Quarkus is advertised as a “Kubernetes Native Java stack, …”, so we took it to a test, and checked what benefits we can get, by replacing an existing service from the IoT components of EnMasse, the cloud-native, self-service messaging system.
For quite a while, I wanted to try out Quarkus. I wanted to see what benefits it brings us in the context of EnMasse. The IoT functionality of EnMasse is provided by Eclipse Hono™, which is a micro-service based IoT connectivity platform. Hono is written in Java, makes heavy use of Vert.x, and the application startup and configuration is being orchestrated by Spring Boot.
EnMasse provides the scalable messaging back-end, based on AMQP 1.0. It also takes care of the Eclipse Hono deployment, alongside EnMasse. Wiring up the different services, based on an infrastructure custom resource. In a nutshell, you create a snippet of YAML, and EnMasse takes care and deploys a messaging system for you, with first-class support for IoT.
This system requires a service called the “tenant service”. That service is responsible for looking up an IoT tenant, whenever the system needs to validate that a tenant exists or when its configuration is required. Like all the other services in Hono, this service is implemented using the default stack, based on Java, Vert.x, and Spring Boot. Most of the implementation is based on Vert.x alone, using its reactive and asynchronous programming model. Spring Boot is only used for wiring up the application, using dependency injection and configuration management. So this isn’t a typical Spring Boot application, it is neither using Spring Web or any of the Spring Messaging components. And the reason for choosing Vert.x over Spring in the past was performance. Vert.x provides an excellent performance, which we tested a while back in our IoT scale test with Hono.
The goal was simple: make it use fewer resources, having the same functionality. We didn’t want to re-implement the whole service from scratch. And while the tenant service is specific to EnMasse, it still uses quite a lot of the base functionality coming from Hono. And we wanted to re-use all of that, as we did with Spring Boot. So this wasn’t one of those nice “greenfield” projects, where you can start from scratch, with a nice and clean “Hello World”. This is code is embedded in two bigger projects, passes system tests, and has a history of its own.
So, change as little as possible and get out as much as we can. What else could it be?! And just to understand from where we started, here is a screenshot of the metrics of the tenant service instance on my test cluster:
Around 200MiB of RAM, a little bit of CPU, and not much to do. As mentioned before, the tenant service only gets queries to verify the existence of a tenant, and the system will cache this information for a bit.
Step #1 – Migrate to Quarkus
To use Quarkus, we started to tweak our existing project, to adopt the different APIs that Quarkus uses for dependency injection and configuration. And to be fair, that mostly meant saying good-bye to Spring Boot specific APIs, going for something more open. Dependency Injection in Quarkus comes in the form of CDI. And Quarkus’ configuration is based on Eclipse MicroProfile Config.

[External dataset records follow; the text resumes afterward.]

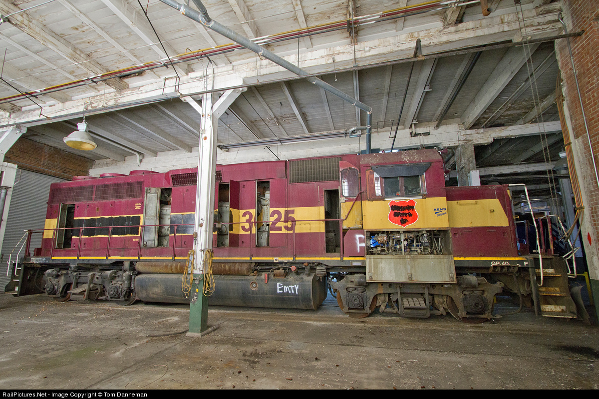 A beat up former Wisconsin Central GP40 3025 sits in a Montana Rail Link shop building in Livingston. Apparently, the GP40 (stenciled RIMX) was acquired by the MRL when CEECO (Coast Engine and Equipment Company) closed in 2009. The GP40 was born Western Pacific. After Union Pacific, it became Chicago, Missouri & Western no. 3025, and later the same number on the WC. The good news is that when time allows, MRL shop forces in Livingston will be getting this beast back on the road.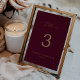 Esta delicada mesa de hambúrgueres de caligrafia em ouro é perfeita para um casamento moderno. A design romântica minimalista apresenta uma magnífica e elegante tipografia amarela ouro champanhe num fundo vermelho burgundy com um aspecto simples e limpo. A placa impressão na frente e atrás (lado duplo). Os itens são impressos exatamente como aparecem na tela quando você adiciona ao carrinho, por isso personalize e adicione cada número de tabela que você precisa ao carrinho individualmente.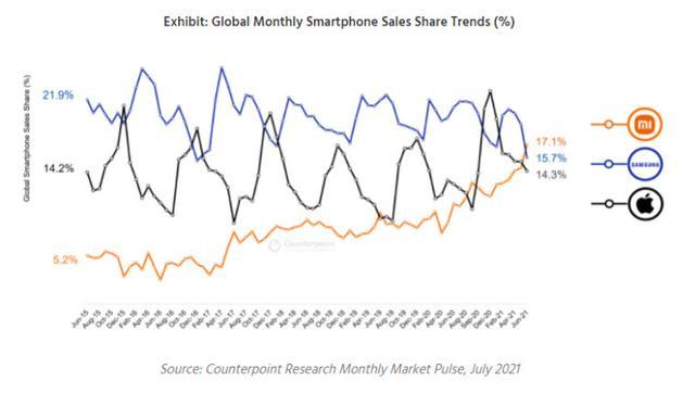 要说去年在全球市场发展最快的国产厂商,那肯定是小米。根据Counterpoint Research发布的数据显示,去年年中,小米全球销量占比一度达到17.1%,超越三星和苹果,成功跃居全球第一。即便在其他研究机构发布的半年度、季度数据中,三星也只能够凭借小幅领先优势登顶。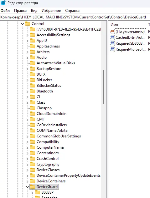 — Перейдите к пути: HKEY_LOCAL_MACHINE\SYSTEM\CurrentControlSet\Control\DeviceGuard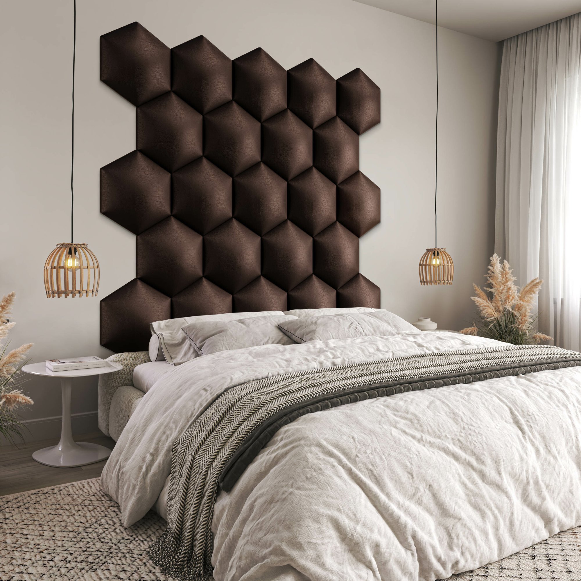 Unser Angebot umfasst Polsterpaneele in verschiedenen Formen, darunter quadratisch, rechteckig, sechseckig (hexagonal) und oval, die in vielen Größen und Farben erhältlich sind. Jedes Wandpolster besteht aus drei Schichten: einer robusten Spanplatte, einem hypoallergenen Polsterschaumstoff und einem Velours-Polsterstoff. Der Stoff ist fusselarm, abriebfest und nimmt keine Flüssigkeiten auf. All dies macht ihn pflegeleicht. Polsterpaneele lassen sich mit selbstklebenden Klettbändern ganz einfach befestigen. So gestalten Sie im Handumdrehen ein auffälliges Kopfteil im Schlafzimmer, eine gemütliche Spielecke im Kinderzimmer oder eine stilvolle Polsterwand im Wohnzimmer.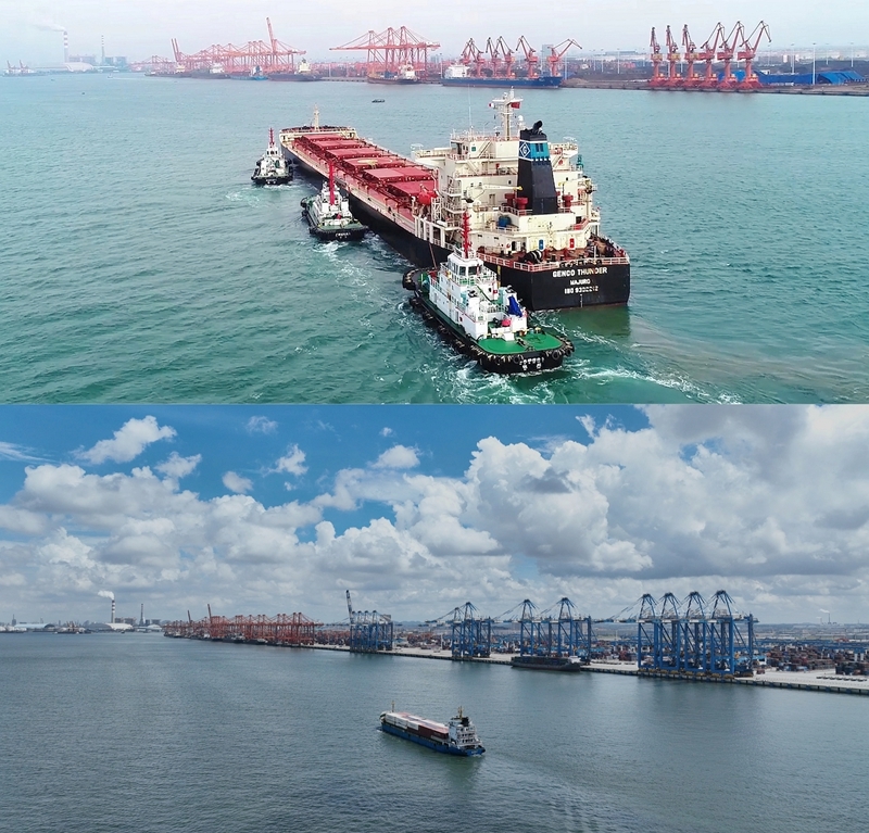 拼图照片:上图为2021年5月10日拍摄的钦州港,集装箱自动化码头尚未建设(无人机照片);下图为2023年11月24日拍摄的钦州港,集装箱自动化码头已投入运营(无人机照片)。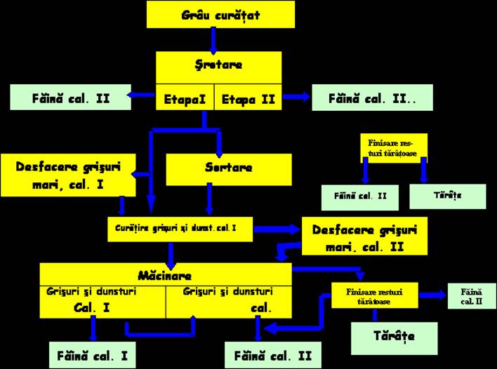 Prelucrarea graului se desfasoara dupa o schema de sfaramare treptata, din utilaj in utilaj, a bobului de grau si a sfaramaturilor rezultate din el. Fiecare faza de sfaramare este urmata de o faza de sortare prin cernere deoarece, in procesul de sfaramare, rezulta o gama variata ca marime de sparturi de bob. Prin cernere se obtin cateva grupe de particule care, in functie de marimea lor, sunt dirijate separat pentru prelucrare, cu exceptia fractiunii de faina care se dirijeaza la depozit.
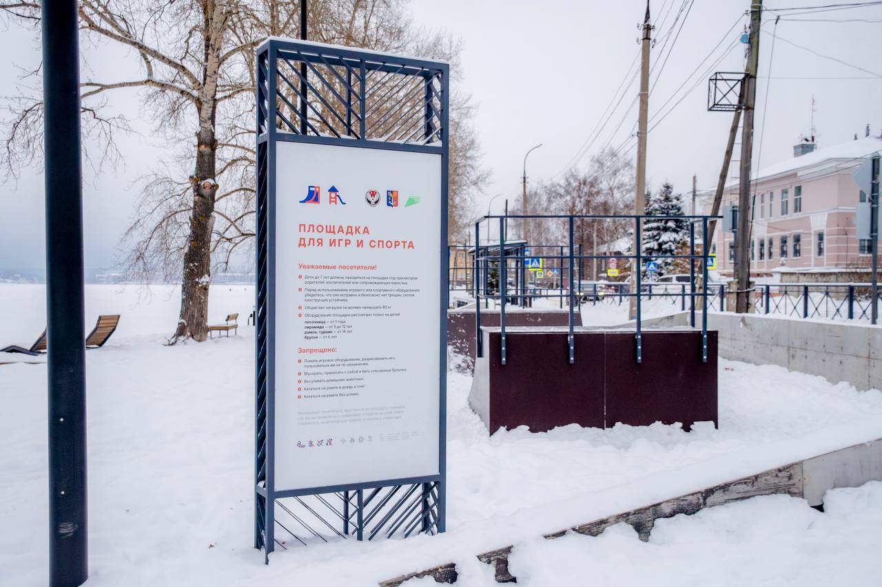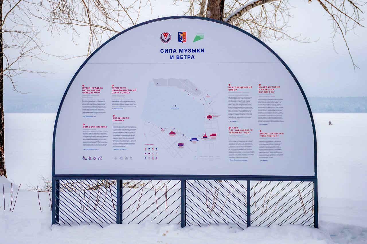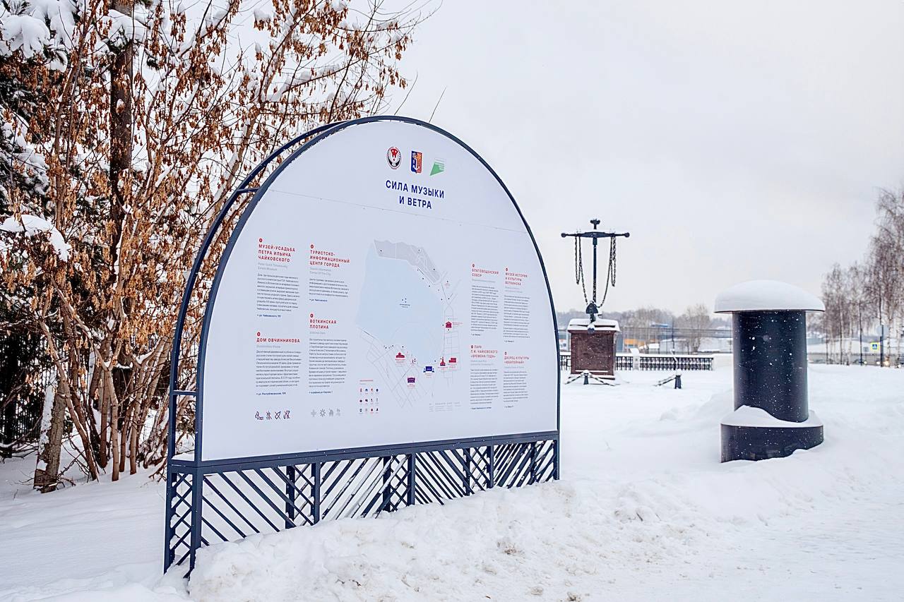 В конце года на территории также появились информационные стенды. Для уже готовых конструкций, предусмотренных проектом, дизайнеры Центра территориального развития Удмуртии разработали туристическую карту с достопримечательностями Воткинска, а также макеты для функциональных зон.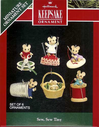 1992 Sew, Sew Tiny, Six Mice, Miniature1992 Hallmark Miniature Ornament Set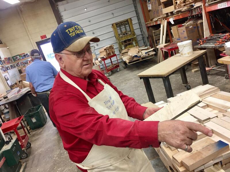 For the wood to make the toys, he made the rounds of cabinetmakers, lumberyards and hardware stores that agreed to donate their scraps.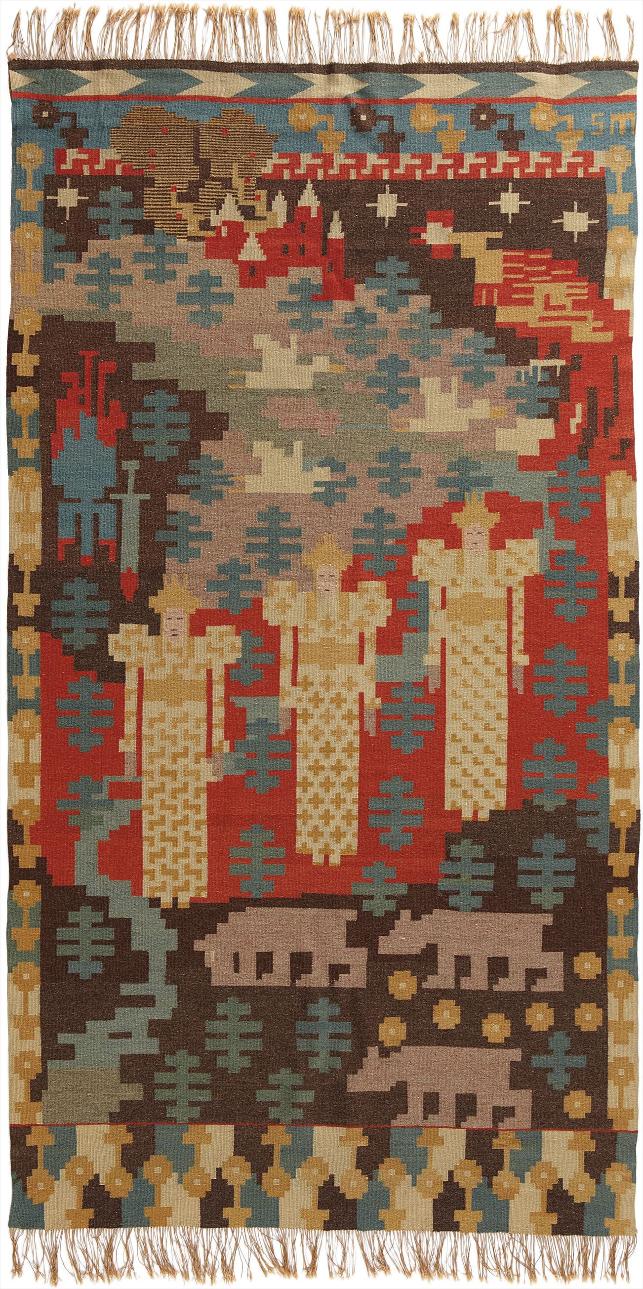 The initials SM belong to the artist’s wife, Sigrun Munthe, for whom Gerhard Munthe designed ‘Den Røde Hane’.
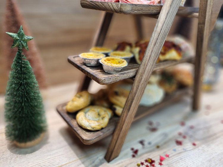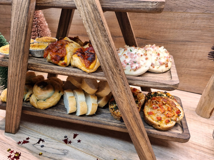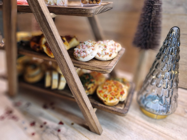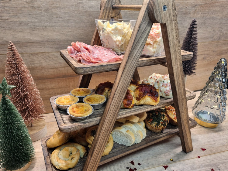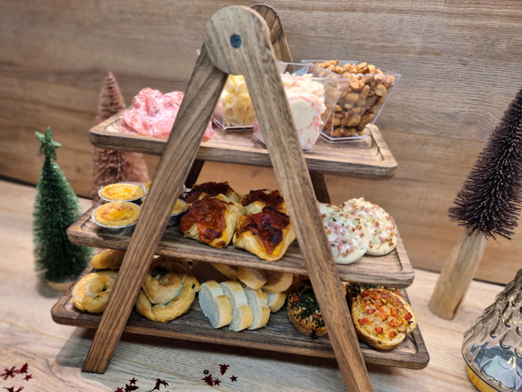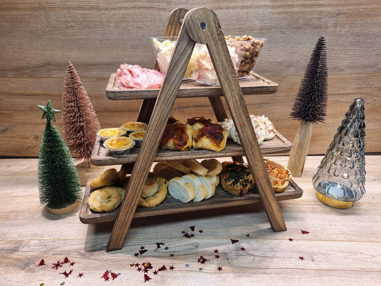 Een goed gevulde etagère om heerlijk van te genieten. Bijvoorbeeld bij de borrel of als aanvulling op je kerstbrunch. Sommige items moeten thuis nog even in de oven afgebakken worden. Bevat +/- 40 stuks. Geschikt voor 4-8 personen.

In a way, we didn’t migrate to Quarkus, but away from Spring Boot specific APIs.
Starting with adding the Quarkus Maven plugin and some basic dependencies to our Maven build, and off we go.
And while replacing dependency inject was a rather smooth process, the configuration part was a bit more tricky. Both Hono and Microprofile Config have a rather opinionated view on the configuration. Which made it problematic to enhance the Hono configuration in the way that Microprofile was happy. So for the first iteration, we ended up wrapping the Hono configuration classes to make them play nice with Microprofile. However, this is something that we intend to improve in Hono in the future.
Packaging the JAR into a container was no different than with the existing version. We only had to adapt the EnMasse operator to provide application arguments in the form Quarkus expected them.
From a user perspective, nothing has changed. The tenant service still works the way it is expected to work and provides all the APIs as it did before. Just running with the Quarkus runtime, and the same JVM as before:
We can directly see a drop of 50MiB from 200MiB to 150MiB of RAM, that isn’t bad. CPU isn’t really different, though. There also is a slight improvement of the startup time, from ~2.5 seconds down to ~2 seconds. But that isn’t a real game-changer, I would say. Considering that ~2.5 seconds startup time, for a Spring Boot application, is actually not too bad, other services take much longer.
Step #2 – The native image
Everyone wants to do Java “native compilation”. I guess the expectation is that native compilation makes everything go much faster. There are different tests by different people, comparing native compilation and JVM mode, and the outcomes vary a lot. I don’t think that “native images” are a silver bullet to performance issues, but still, we have been curious to give it a try and see what happens.
Native image with Quarkus
Enabling native image mode in Quarkus is trivial. You need to add a Maven profile, set a few properties and you have native image generation enabled. With setting a single property in the Maven POM file, you can also instruct the Quarkus plugin to perform the native compilation step in a container. With that, you don’t need to worry about the GraalVM installation on your local machine.
Native image generation can be tricky, we knew that. However, we didn’t expect this to be as complex as being “Step #2”. In a nutshell, creating a native image compiles your code to CPU instruction, rather than JVM bytecode. In order to do that, it traces the call graph, and it fails to do so when it comes to reflection in Java. GraalVM supports reflection, but you need to provide the information about types, classes, and methods that want to participate in the reflection system, from the outside. Luckily Quarkus provides tooling to generate this information during the build. Quarkus knows about constructs like de-serialization in Jackson and can generate the required information for GraalVM to compile this correctly.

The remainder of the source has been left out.